To enable the permissions API, add the following to the site configuration:
"permissions.userMapping": {
"enabled": true,
"bindID": "email"
}
The bindID
value specifies how to uniquely identify users when setting permissions:
email
: You can set permissions for users by specifying their email addresses (which must be verified emails associated with their Sourcegraph user account).username
: You can set permissions for users by specifying their Sourcegraph usernames.
If the permissions API is enabled, all other repository permissions mechanisms are disabled.
After you enable the permissions API, you must set permissions to allow users to view repositories (site admins bypass all permissions checks and can always view all repositories).
NOTE: If you were previously using background permissions syncing, e.g. using GitHub permissions, then those permissions are used as the initial state after enabling explicit permissions. Otherwise, the initial state is for all repositories to have an empty set of authorized users, so users will not be able to view any repositories.
Setting the permissions for a repository can be accomplished with 2 GraphQL API calls.

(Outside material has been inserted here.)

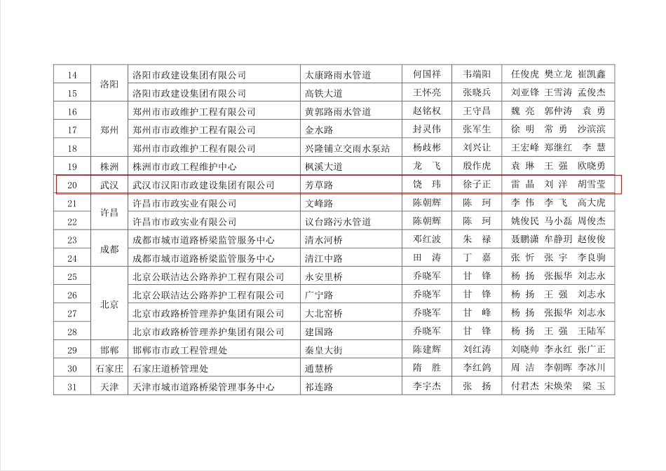 2017-2018 年度全國“城鎮市政養護示范設施”創建活動—— “扁鵲杯”獎獲獎名單(部分)

First, obtain the ID of the repository from its name:
query {
repository(name: "github.com/owner/repo") {
id
}
}
Next, set the list of users allowed to view the repository:
mutation {
setRepositoryPermissionsForUsers(
repository: "<repo ID>",
userPermissions: [
{ bindID: "[email protected]" }
]) {
alwaysNil
}
}
Now, only the users specified in the userPermissions
parameter will be allowed to view the repository. Sourcegraph automatically enforces these permissions for all operations. (Site admins bypass all permissions checks and can always view all repositories.)
You can call setRepositoryPermissionsForUsers
repeatedly to set permissions for each repository, and whenever you want to change the list of authorized users.
You may query the set of repositories visible to a particular user with the authorizedUserRepositories
GraphQL API mutation, which accepts a username
or email
parameter to specify the user:
query {
authorizedUserRepositories(email: "[email protected]", first: 100) {
nodes {
name
}
totalCount
}
}
If the Sourcegraph instance is configured to sync repositories from multiple code hosts (regardless of whether they are the same code host, e.g. GitHub + GitHub
or GitHub + GitLab
), Sourcegraph will enforce access to repositories from each code host with authorization enabled, so long as:
- users log in to Sourcegraph at least once from each code host's authentication provider
- users have the same primary email in Sourcegraph (under "User settings" > "Emails") as the code host at the time of the initial log in via that code host
To attach a user's Sourcegraph account to all relevant code host accounts, a specific sign-in flow needs to be utilized when users are creating an account and signing into Sourcegraph for the first time.
- Sign in to Sourcegraph using the one of the code host's authentication provider
- Once signed in, sign out and return to the sign in page
- On the sign in page, sign in again using the next code host's authentication provider
- Once repeated across all relevant code hosts, users should now have access to repositories on all code hosts and have all repository permissions enforced.
NOTE: These steps are not required at every sign in - only during the initial account creation.